Categoria: Cento giorni

Recensione di Cento giorni di Gabriele Dadò

James Willems è un ragazzo introverso e molto riservato. Trascorre le giornate tra le mura della sua fucina, sfruttato dalla milizia francese che lo costringe a produrre grosse partite di armi a basso costo. È il pensiero di suo padre, Edward Willems, un prode soldato caduto nel tentativo di difendere la sua Patria e il suo Popolo, a dargli la forza per andare avanti, sempre. James lo sa, presto avrà modo di rendere onore a quell’uomo a cui deve tutto, valori e insegnamenti.
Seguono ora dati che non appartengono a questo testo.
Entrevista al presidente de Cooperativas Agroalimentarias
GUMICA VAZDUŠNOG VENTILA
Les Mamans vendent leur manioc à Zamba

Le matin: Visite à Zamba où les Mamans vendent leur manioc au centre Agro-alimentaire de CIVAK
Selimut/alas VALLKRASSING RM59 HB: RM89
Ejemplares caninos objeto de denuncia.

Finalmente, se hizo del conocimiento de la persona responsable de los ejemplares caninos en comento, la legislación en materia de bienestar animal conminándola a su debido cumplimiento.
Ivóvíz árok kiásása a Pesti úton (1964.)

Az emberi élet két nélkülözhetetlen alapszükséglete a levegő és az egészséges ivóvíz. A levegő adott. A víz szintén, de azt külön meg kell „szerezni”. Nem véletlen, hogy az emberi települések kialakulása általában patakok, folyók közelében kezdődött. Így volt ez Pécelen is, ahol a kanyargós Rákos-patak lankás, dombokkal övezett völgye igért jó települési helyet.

È l’incontro improvviso con la bella Elise, figlia di una rinomata famiglia della città, a stravolgere irrimediabilmente la vita del giovane Willems. Un solo sguardo basta a far capitolare James, che per la prima volta nella sua vita si scopre innamorato. Tuttavia la sorte si rivela beffarda con il giovane fabbro, che presto si scontra con una terribile verità: Elise è promessa sposa ad Adrian, un ragazzo fascinoso, erede di una delle famiglie più abbienti del circondario. Prende forma così una delle più affilate trame della dea Afrodite, un triangolo amoroso fatto di passioni e sofferenze, che vede due uomini pronti a fronteggiarsi per conquistare il cuore dall’amata.

A complicare ulteriormente la vicenda sono i terribili fatti storici che stanno per scuotere l’Europa. È il giugno del 1815, Napoleone Bonaparte è riuscito a fuggire dal suo esilio all’Elba ed è ora determinato a sconfiggere la Settima Coalizione e a riconquistare il potere. La guerra irrompe e chiama all’appello il prode James e l’orgoglioso Adrian, fratelli in battaglia ma rivali in amore, pronti a combattere nelle fila dell’esercito anglo-belga.
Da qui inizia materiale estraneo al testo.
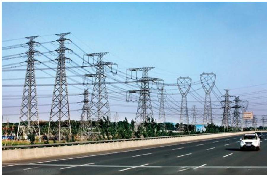
智能电网助推可再生能源大规模消纳

“加快发展智能电网是实现我国工业转型升级，实现节能减排的客观需求。近年来全球大规模可再生能源装机容量不断增长，而我国增速最快，这些可再生能源都要依靠智能电网来消纳，目前迫切需要加快智能电网发展。”近日，在中国电机工程学会年会的智能电网技术与装备论坛上，工业和信息化部党组成员、办公厅主任莫玮如是说。数据显示，截至2016年6月底，中国风电并网容量达到1.37亿千瓦，太阳能发电并网容量达到6304万千瓦。中国电机工程学会副理事长兼秘书长谢明亮表示，预计到2020年中国风电并网容量将达到2.1亿千瓦，太阳能发电并网容量将达到1.1亿千瓦。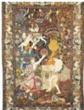
تصویر ۳- قالی رقص الهه به شماره اموال ۱۱۰، طراح: منسوب به حسن‌خان شاهرخی، موجود در موزه‌ی فرش ایران (آرشیو موزه ملی فرش ایران)

در متن این قالی ۵ پیکره دیده می‌شود. زنی در سمت چپ و مردی در سمت راست قرار گرفته‌اند. پشت سر آن‌ها ستون کلفت و سفید رنگی قرار دارد و گلدانی پر از گل بر روی آن نقش بسته است. در امتداد گل‌های فراوان و در قسمت بالا و سمت چپ قالی، پیکره‌ی ۳ فرشته نمایان است. این پیکره‌ها، شخصیت‌های اسطوره‌ای ۶ و افسانه‌ای رومی هستند. قالی دیگری به شماره اموال ۱۱۱ نیز در موزه‌ی فرش ایران وجود دارد که مشابه همین قالی است و رج‌شمار آن ۶۰ است. کتیبه‌ی این قالی نیز عمل محمدبن جعفر کرمانی است و بافت آن احتمالاً در اواخر قرن ۱۳ هجری قمری بوده است. تار و پود این قالی از نخ پنبه، پرز آن پشمی و نوع گره، گره نامتقارن است. نکته‌ی درخور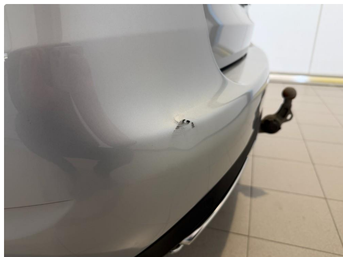
1.2 Bulk med lakkskade på bakfanger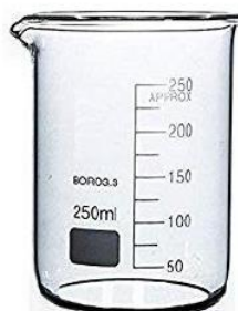
Bêcher 250 mL

Tra rovinosi scontri armati e sentimenti travolgenti, prende forma Cento giorni, il romanzo del giovanissimo Gabriele Dadò, che con mano abile ha saputo tessere assieme fatti storici e scorci di vita quotidiana, ricordandoci che i soldati sono, prima di tutto, uomini.

Approfondimento

Gabriele Dadò è una sorpresa. Nonostante la giovane età, l’autore è riuscito a condensare nel suo Cento giorni la celebre battaglia di Waterloo con una precisione storica disarmante. Le pagine del libro sono arricchite da numerosi dettagli e tecnicismi, testimoni del grande lavoro di studio affrontato da Dadò. La vicenda prende forma attraverso due livelli paralleli: quello amoroso e quello storico-strategico. Il primo vede protagonisti James, Adrian ed Elise, le loro individualità, i loro sentimenti, le loro speranze. Il secondo invece si focalizza sulle figure di Napoleone Bonaparte e del duca di Wellington, dove grande importanza assumono i fatti reali, storici e le tattiche di guerra.
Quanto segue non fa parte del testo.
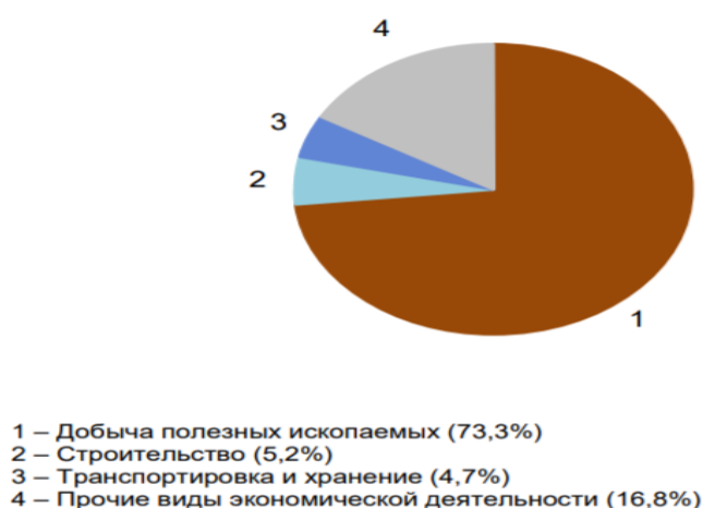
Рисунок 2 – Структура валового регионального продукта ХМАО-Югры за 2020 г. [6]

В структуре валового регионального продукта в 2020 г. основными видами экономической деятельности являлись: добыча полезных ископаемых – 73,3%; строительство – 5,2; транспортировка и хранение – 4,7 % (рисунок 2).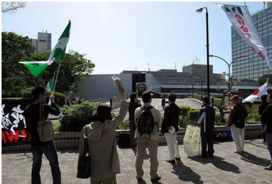
NHK包囲網は大分煮詰まってきました。

そこで、 自由民主党 「日本の前途と歴史教育を考える議員の会」は、国民が当該番組に抱いた疑問に則して下記の質問をします。尚、国民が、報道番線制作者の基本的姿勢を知る為と、貴社番組の質の向上を実現するため、質問は、誤解が生じることのない方法として、択一で回答して頂くことにしました。宜しく願いいたします。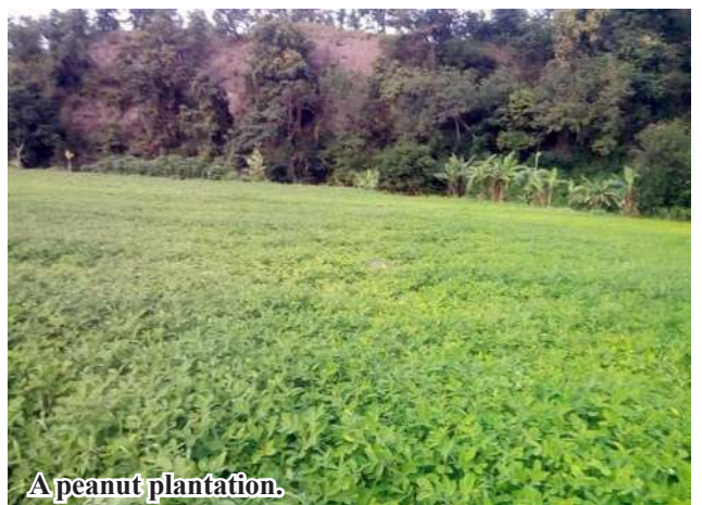
A peanut plantation.

Nonostante la levatura del lavoro di Dadò, due sono sostanzialmente le critiche nei confronti di Cento giorni. Le rifiniture storiche invadono totalmente il romanzo e lo rendono decisamente pesante. Con la semplice accortezza di lasciare maggior spazio alle vicende dei tre protagonisti, l’autore avrebbe potuto facilmente evitare questo inghippo. Il secondo punto di debolezza riguarda lo stile narrativo. Quando il racconto prende vita attraverso il diario di Elise, piuttosto che le lettere d’amore tra lei e James, si nota come il modo d’espressione sia lontanissimo da quello del 1815 ed eccessivamente arricchito da espressioni in voga ai giorni nostri.

Cento giorni è un libro per i curiosi e per gli appassionati di romanzi storici. L’intreccio amoroso poi, pronto a cadenzare le scene di guerra, fa del romanzo un’interessante base per eventuali sviluppi cinematografici.